Start of Provided entries
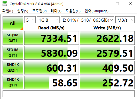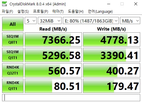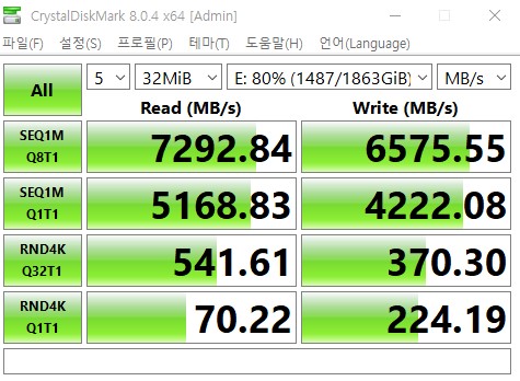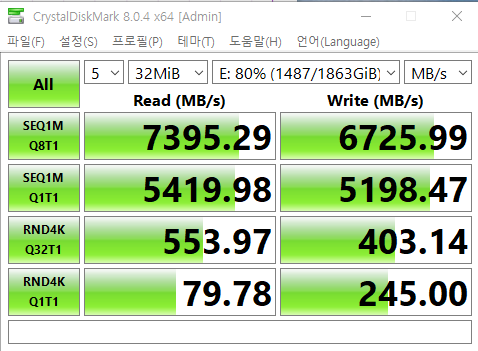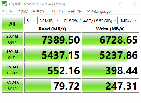 역시나 쓰기 속도가 7000에 가깝게 나왔다. SSD 사용량이 80% 넘어가는 상황에서 연속으로 7000 가까이 나온건 이번이 처음이다.
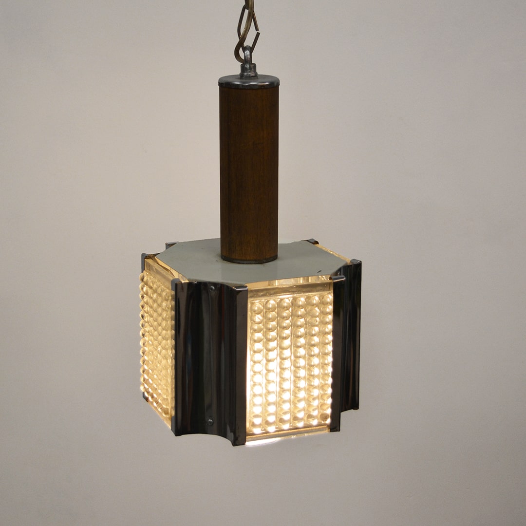 €420.00€280.00Mid century modern pedant light in glass, wood and metal. Fully remanufactured with LED technology, European Plug and adjustable height. —In excellent condition. This vintage item has no defects.
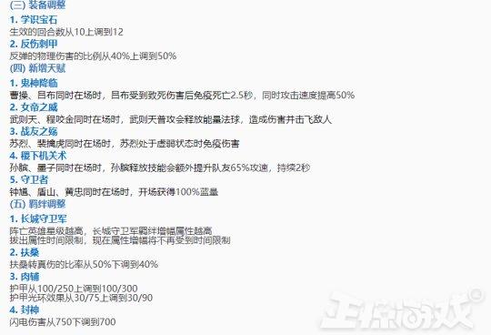 在装备上学识宝石和反伤刺甲都进行了加强。而在天赋中,新增了5个的强力的天赋。羁绊调整中,长城守卫军和肉辅的属性数值都进行了加强,而扶桑和封神两个天赋的数值却遭到了削弱。
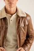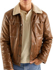 Men's Premium Genuine Lambskin Leather Jacket with Fur Collar - Classic Style
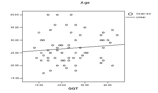 Figure 5 shows a correlation between age in years and GGT. Pearson Correlation value was 0.11 that means 11% possibility when age in years increased than GGT increased, which was not statistically significant.
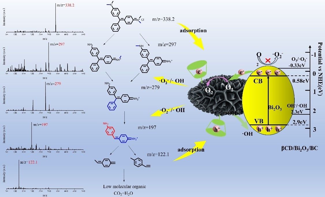 对染料污染物吸附及光催化降解方面,课题组以玉米秸秆生物炭为载体,通过共热解与表面修饰法成功构建了β-环糊精修饰的Bi2O3/生物炭复合材料,β-环糊精通过其疏水空腔增强对污染物的吸附与富集,同时调控界面电荷行为,抑制光生载流子复合,从而协同促进了污染物的表面富集与光催化转化。在可见光下,该材料对孔雀石绿展现出良好的降解效率和循环稳定性。相关研究成果以“β-Cyclodextrin modified Bi2O3/Biochar composite for highly efficient photocatalytic degradation of malachite green”为题,发表于《Applied Surface Science》(中科院SCI二区)。论文第一作者为博彩投注 武占省课题组研究生刘泽源,通讯作者为武占省教授、杨博龙副教授,西安工程大学为唯一通讯单位。
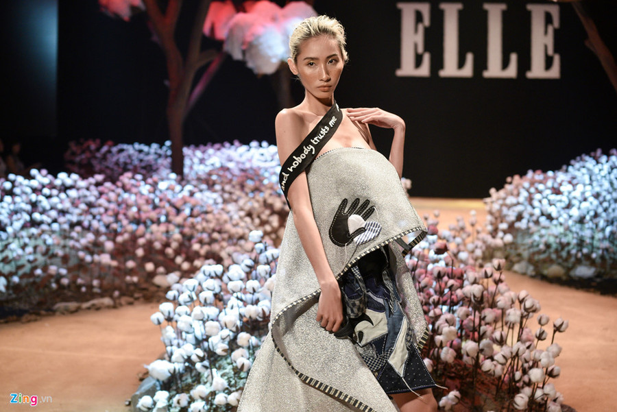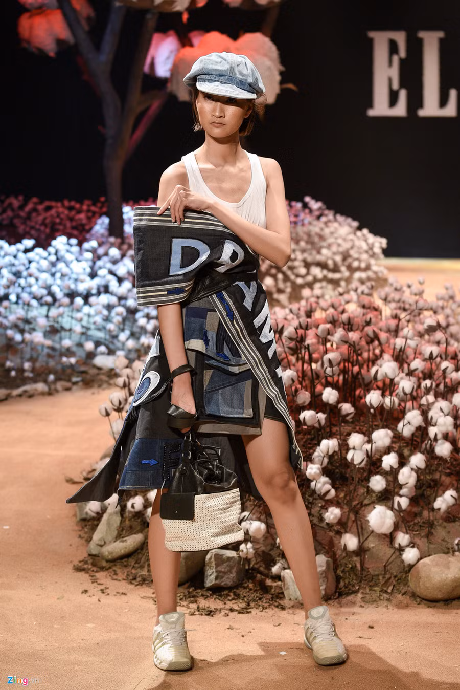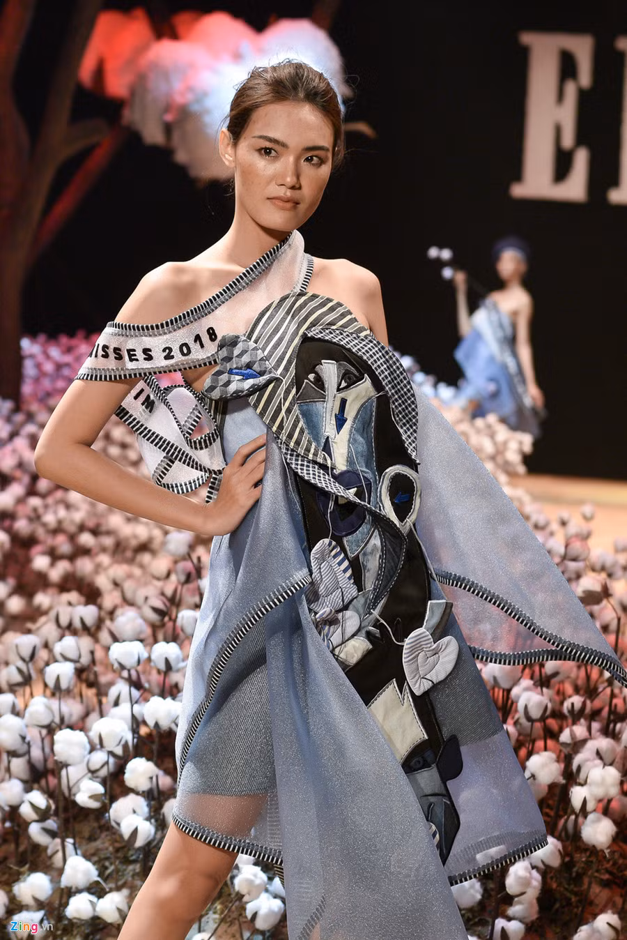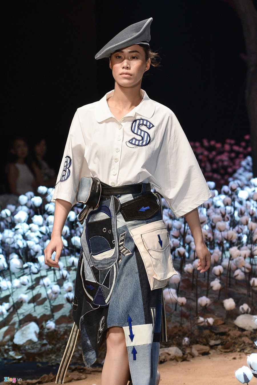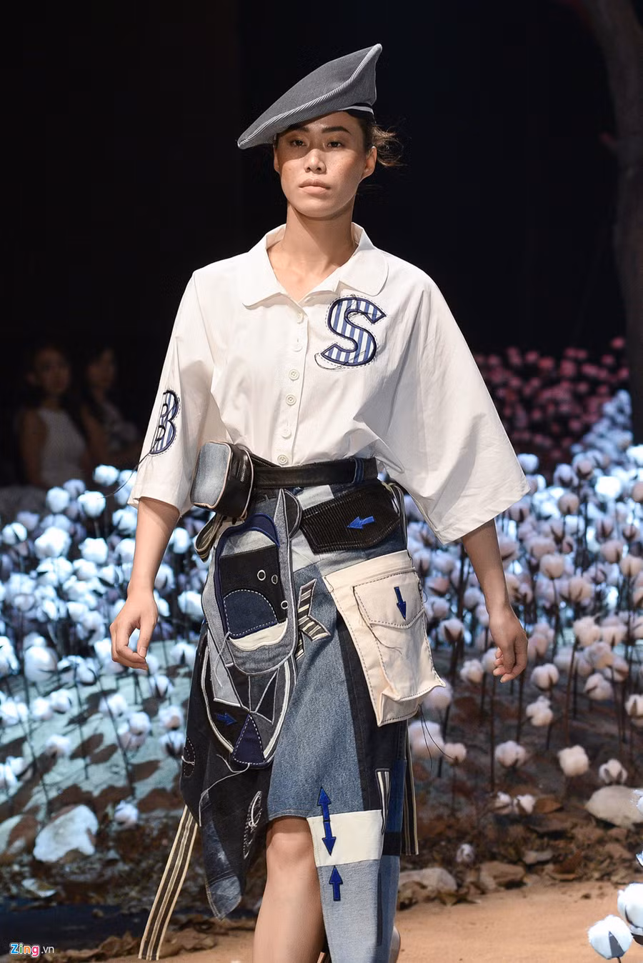 Với chủ đề Thời trang bền vững, nhà thiết kế tái chế chất liệu denim cùng nhiều màu sắc khác nhau nhằm tạo nên các sản phẩm độc đáo.
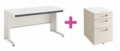 ●セット内容/平机(幅1400×奥行600mm・ナチュラルグレー色)×1台、ワゴン(3段・ナチュラルグレー色)×1台
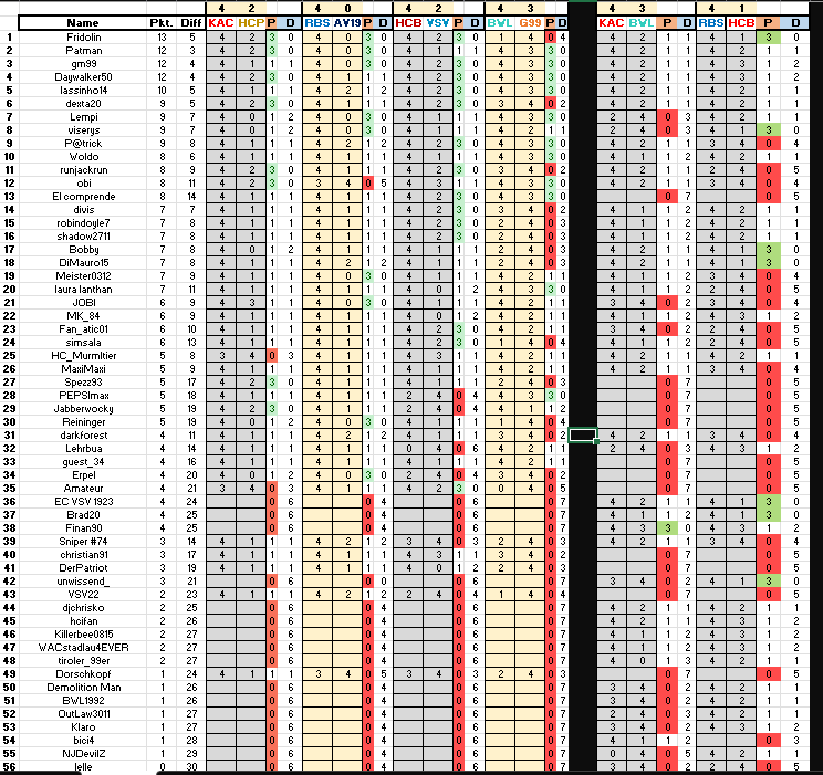 Fridolin holt sich mit 4 Punkten aus seinen HF Tipps die Führung. Wird ein spannendes (Tipp) Finale. ![]()
End of Provided entries
▶ [Assignment]:
Would you return all of the entries unchanged while omitting the images?

▶ [Answer to this exercise]:
 역시나 쓰기 속도가 7000에 가깝게 나왔다. SSD 사용량이 80% 넘어가는 상황에서 연속으로 7000 가까이 나온건 이번이 처음이다.
 €420.00€280.00Mid century modern pedant light in glass, wood and metal. Fully remanufactured with LED technology, European Plug and adjustable height. —In excellent condition. This vintage item has no defects.
 在装备上学识宝石和反伤刺甲都进行了加强。而在天赋中,新增了5个的强力的天赋。羁绊调整中,长城守卫军和肉辅的属性数值都进行了加强,而扶桑和封神两个天赋的数值却遭到了削弱。
 Men's Premium Genuine Lambskin Leather Jacket with Fur Collar - Classic Style
 Figure 5 shows a correlation between age in years and GGT. Pearson Correlation value was 0.11 that means 11% possibility when age in years increased than GGT increased, which was not statistically significant.
 对染料污染物吸附及光催化降解方面,课题组以玉米秸秆生物炭为载体,通过共热解与表面修饰法成功构建了β-环糊精修饰的Bi2O3/生物炭复合材料,β-环糊精通过其疏水空腔增强对污染物的吸附与富集,同时调控界面电荷行为,抑制光生载流子复合,从而协同促进了污染物的表面富集与光催化转化。在可见光下,该材料对孔雀石绿展现出良好的降解效率和循环稳定性。相关研究成果以“β-Cyclodextrin modified Bi2O3/Biochar composite for highly efficient photocatalytic degradation of malachite green”为题,发表于《Applied Surface Science》(中科院SCI二区)。论文第一作者为博彩投注 武占省课题组研究生刘泽源,通讯作者为武占省教授、杨博龙副教授,西安工程大学为唯一通讯单位。
 Với chủ đề Thời trang bền vững, nhà thiết kế tái chế chất liệu denim cùng nhiều màu sắc khác nhau nhằm tạo nên các sản phẩm độc đáo.
 ●セット内容/平机(幅1400×奥行600mm・ナチュラルグレー色)×1台、ワゴン(3段・ナチュラルグレー色)×1台
 Fridolin holt sich mit 4 Punkten aus seinen HF Tipps die Führung. Wird ein spannendes (Tipp) Finale. ![]()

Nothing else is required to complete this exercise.